Saturday, July 14, 2007

just being me

today, i woke up extra early just so i could go to those chuva math classes my teacher has. it's a wonder how mt math teacher could survive looking at us for about 6 times a week, teaching us effing hard algebra without twitching and getting mad. she's been my teacher since first year, so i'm lucky to have her teach me again. i like the way she does things, and the exercises she gives all of us, well... some are hard, and some are like easy enough. whether or not it's hard or not, it still trains me in an area my mind is slow at.
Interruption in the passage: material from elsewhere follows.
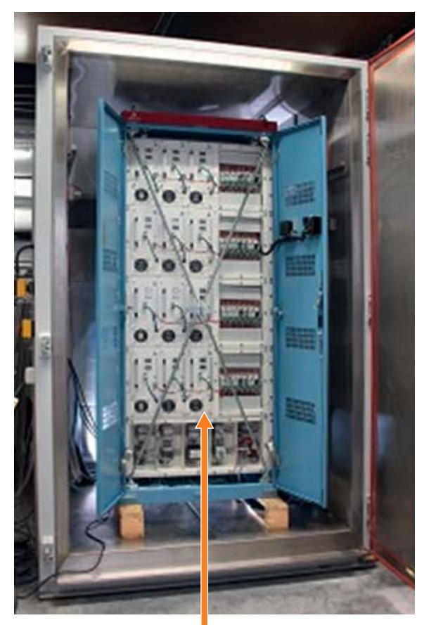
Example of cabinet

MATH will always be a hard subject for me. ehehehe

piano went smoothly too. i mean, i actually did it! i can't believe it... i did a fast scale without stopping. muahahahahaha. it's a start, really. after that, back to the consultation room, and abby was kind enough to give me a ride home. ehehehe.
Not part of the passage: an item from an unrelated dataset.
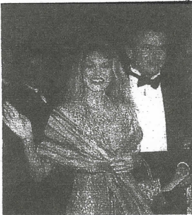
Bernard-Henri Lévy with his wife, Arielle Dombasle, at a film festival in Morocco.

Mr. Lévy was on a diplomatic mission to Afghanistan for President Jacques Chirac when he heard of Mr. Pearl's death. After completing his work in Kabul, he flew immediately to Karachi, returning to Pakistan for the first time since 1971. And in his airport taxi, he already sensed how the country had changed. "What is your religion?" the taxi driver asked him. He was taken aback. "Atheist."

maybe i really should start thinking about the POSITIVE sides of people. mostly, i find some people damn annoying, but then, i don't know them personally as well. maybe they're acting like that JUST because. think i should change my views? maybe.

i went to cubao just a little while ago, alone, and bought school materials and project materials the like. it actually got me thinking: why am i alone? i mean, long before, i wasn't used to this kind of lifestyle; i'd always have someone tailing after me, holding my stuff, doing the math when it came to jeepney fares and all that. but now? i do everything. and all i could say is i feel a bit sad. life is so... boring without someone. plus the fact that all the people i passed had someone with them: friends, lovers, family... even saw a gay couple. ahahahaha.

reread teh blog again, and yeah... i'm really not sure myself. i mean, i have my doubts, i have my own little nagging thoughts. but i know FOR SURE that i still love him. sure, it's laced with hate, but still love nonetheless. i stil have the habit to write words related to him on my hand or somewhere in my notes... well, mostly on Bio :P but yeah... maybe it really would be best if things just went the way they were. i'd just decide when the time comes.

but right now, i'd have to focus all my 'will power' and 'brain power' on studies. they're being a bitch again, and i can't help but cram as well. :P ahahahahahahaha. back to writing and coloring, i guess.